### Exercise
Start to finish, print the entries exactly, and carry none of the pictures over.

### Supplied records
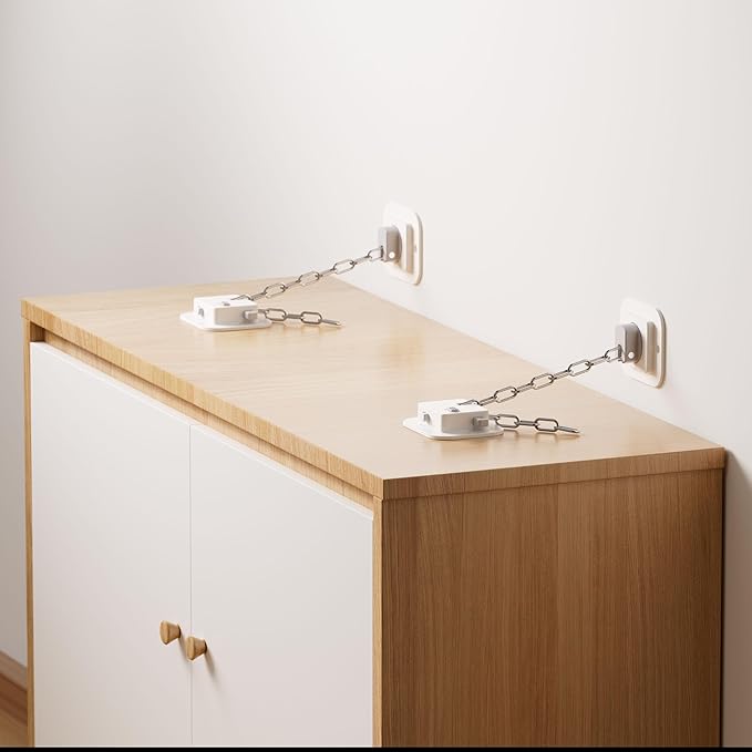 COMPLETE KIT: Includes all necessary components - adhesive mounting plates, metal chains, and installation hardware for multiple furniture pieces
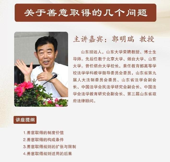 石大人文講壇之“關(guān)于善意取得的幾個(gè)問(wèn)題”4月15日開(kāi)講
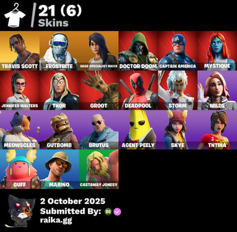 Agent Peely, Brutus, Captain America, Castaway Jonesy, Deadpool, Doctor Doom, Frostbite, Gear Specialist Maya, Groot, Guff, Gutbomb, Jennifer Walters, Marino, Meowscles, Mystique, Skye, Storm, Thor, Tntina, Travis Scott, Wilde
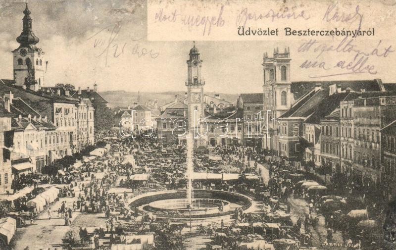 Leírás: Besztercebánya, Banska Bystrica; látkép a piaccal / market with vendors (r)
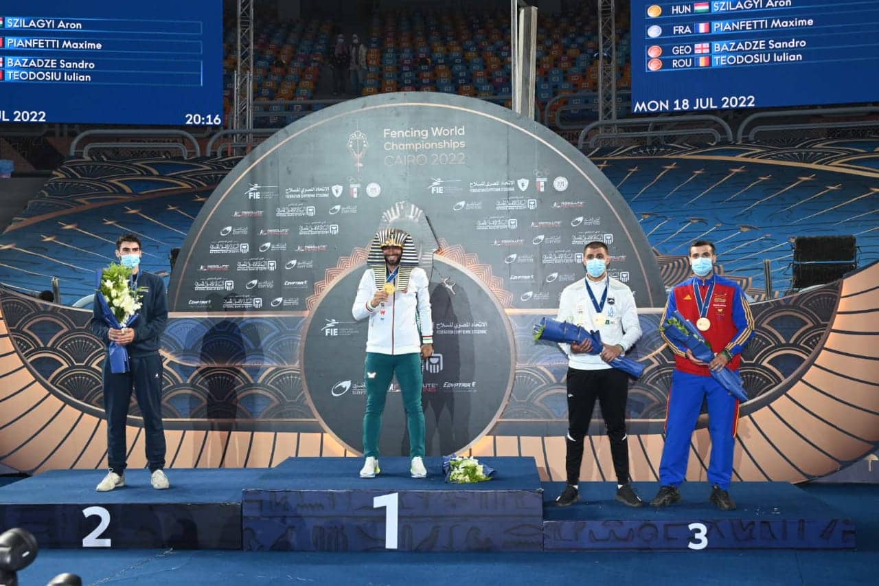 حقق أرون سيزيلاجي لاعب منتخب المجر الميدالية الذهبية لسلاح السيف في بطولة العالم للمبارزة التي تستضيفها مصر خلال الفترة من ١٥ حتى ٢٣ يوليو الجارى بمجمع الصالات المغطاة بهيئة إستاد القاهرة الدولى تحت رعاية الدكتور مصطفى مدبولي رئيس مجلس الوزراء.

### Exercise response
 COMPLETE KIT: Includes all necessary components - adhesive mounting plates, metal chains, and installation hardware for multiple furniture pieces
 石大人文講壇之“關(guān)于善意取得的幾個(gè)問(wèn)題”4月15日開(kāi)講
 Agent Peely, Brutus, Captain America, Castaway Jonesy, Deadpool, Doctor Doom, Frostbite, Gear Specialist Maya, Groot, Guff, Gutbomb, Jennifer Walters, Marino, Meowscles, Mystique, Skye, Storm, Thor, Tntina, Travis Scott, Wilde
 Leírás: Besztercebánya, Banska Bystrica; látkép a piaccal / market with vendors (r)
 حقق أرون سيزيلاجي لاعب منتخب المجر الميدالية الذهبية لسلاح السيف في بطولة العالم للمبارزة التي تستضيفها مصر خلال الفترة من ١٥ حتى ٢٣ يوليو الجارى بمجمع الصالات المغطاة بهيئة إستاد القاهرة الدولى تحت رعاية الدكتور مصطفى مدبولي رئيس مجلس الوزراء.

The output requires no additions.